As a tourist you are always a target for scammers, knowing that you’re less likely to report the crime and even less likely to stick around for any potential prosecution.
As such, there are three main considerations to take into account at the moment of choosing your operator.
One; the guarantees that the operator provides, two; the quality of the service, and three; the fulfiment of what is agreed upon.
The top travel agencies will always rank highly for all three criteria.
A lot of the steps are common sense.
Before handing over your cash, check that the tour operator has a website and, ideally, offices that they can’t pick up and run away with, should things go south.
Try to go with recommendations from other tourists you meet who can vouch for the operator.
And if you do decide to go with a guy in the street, ask him to take you to his offices, meet his colleagues, get his business card, and so forth.
Because not all of the street hawkers will necessarily be hawking scams in Machu Picchu.
The Peru government issues the SABP certificate to the best tour operators and travel agencies who meet the highest standards of practice and fidelity.
Look for this logo when choosing your operator.
You can also look them up on Tripadvisor, and other similar review-system websites.
And finally, there is the very useful website iPeru, which is a government-funded initiative dedicated to fair and impartial tourist information and assistance.
This website, designed to combat illegal tour operators and scams in Machu Picchu, allows you look up useful information on the various tourist attractions and tours available in Peru.
It also provides advice and counselling for those tourists who have become victims of the shady practices of illegal tour operators.

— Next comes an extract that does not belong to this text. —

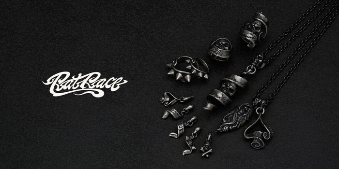 1997年に創設者かつデザイナーであるRat Gjo(ラットジージョ)が自身の納得のいく究極のスカルを追求する為に始動。自然というモチーフの中の究極の造形物の一つとしてスカルを捉え、その曲線やバランスに独自のデザインを落とし込む。キングオブスカルと評されるシルバーアクセサリーブランド。創設以来、精緻な造形と存在感あふれるデザインで国内外のファンを魅了してきたRAT RACE。「Today is a very good day, to Die」(死に日和)を座右の銘に、妥協なき物作りを追及している。全ての商品一つ一つバフ(研磨器具)を使わずにリューターのみを用いて磨き上げるという徹底した手法を採用。独特の仕上げに拘っており、すべての作品一点一点に魂を込めた手彫りのサインを入れて仕上げを行い、妥協なき姿勢をみせている。骸骨や有機的なモチーフ独自の解釈で表現し、シルバーという素材の可能性極限まで引き出す作品は、単なるアクセサリーを超えた「身にまをとうアート」として高く評価されている。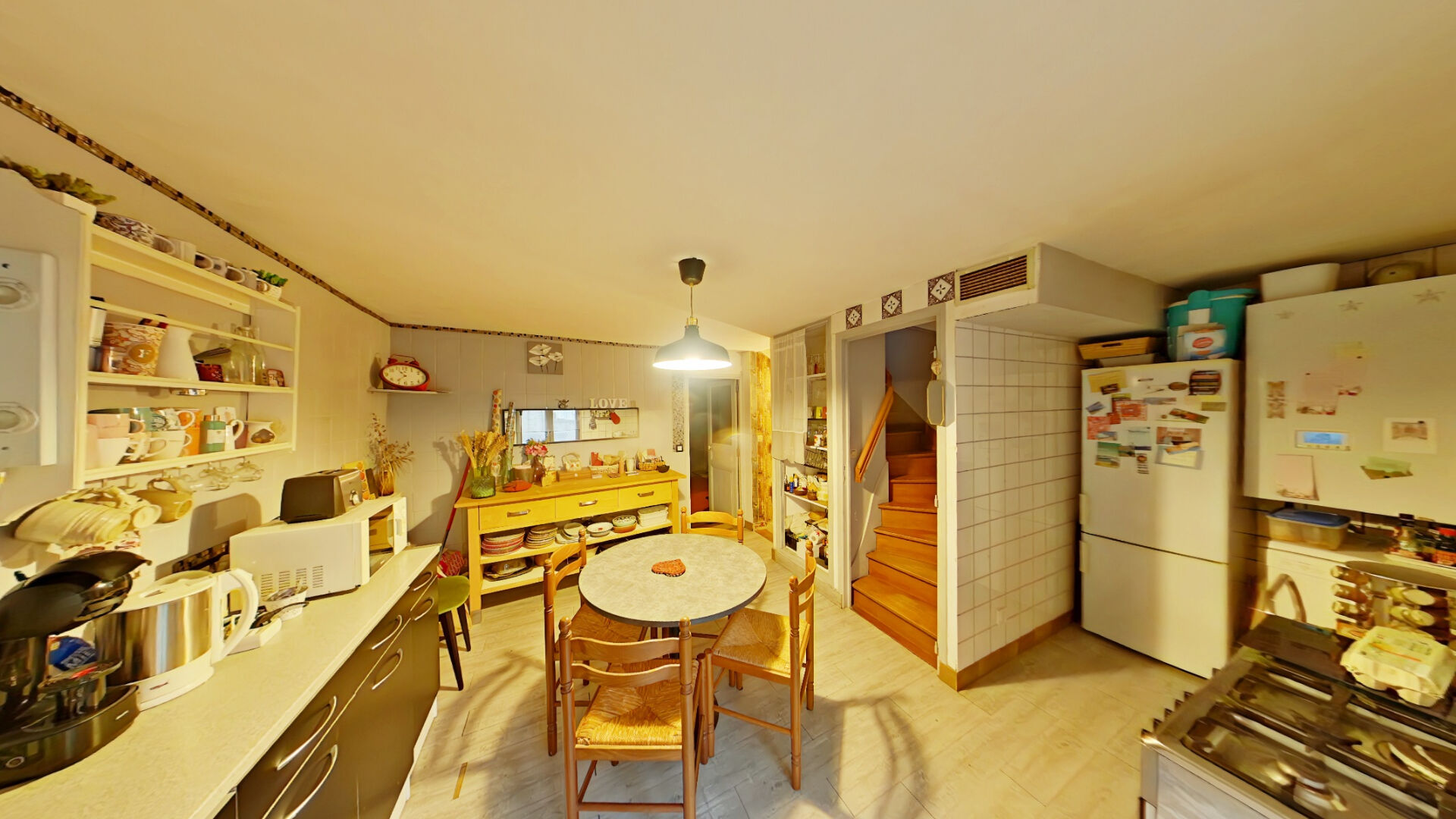 Au premier étage, une cuisine aménagée et équipée qui donne accès sur un spacieux salon, propice à la convivialité.

It will show if a particular tour operator has a record of complaints.
Combatting scams in Machu Picchu and Peru
It may seem that illegal tour operators are a ceaseless torrent against which the government is being swamped.
And that’s because it kind of is.
The number of illegal operators has only reduced between 3-5 per cent in the past five years.
As soon as one shuts down, it seems another springs up to take its place.
The government is now putting its efforts into convincing illegal operators of the ease and value in ‘going legit’, as opposed to being prosecuted.
The problem is that – with so much competition and such slight profit margins – the extra costs associated with legal compliance is often the straw that drowns the whale.
That is not to say that prosecutions are not taking place either.
The worst offenders receive fines and other penalties.
But the reality seems to be that it is up to the tourist to be discerning in their selection of tour operators in order to avoid the eponymous scams in Machu Picchu.
Therefore, taking the time to check their reputation, their credentials and the quality of their service is highly advisable.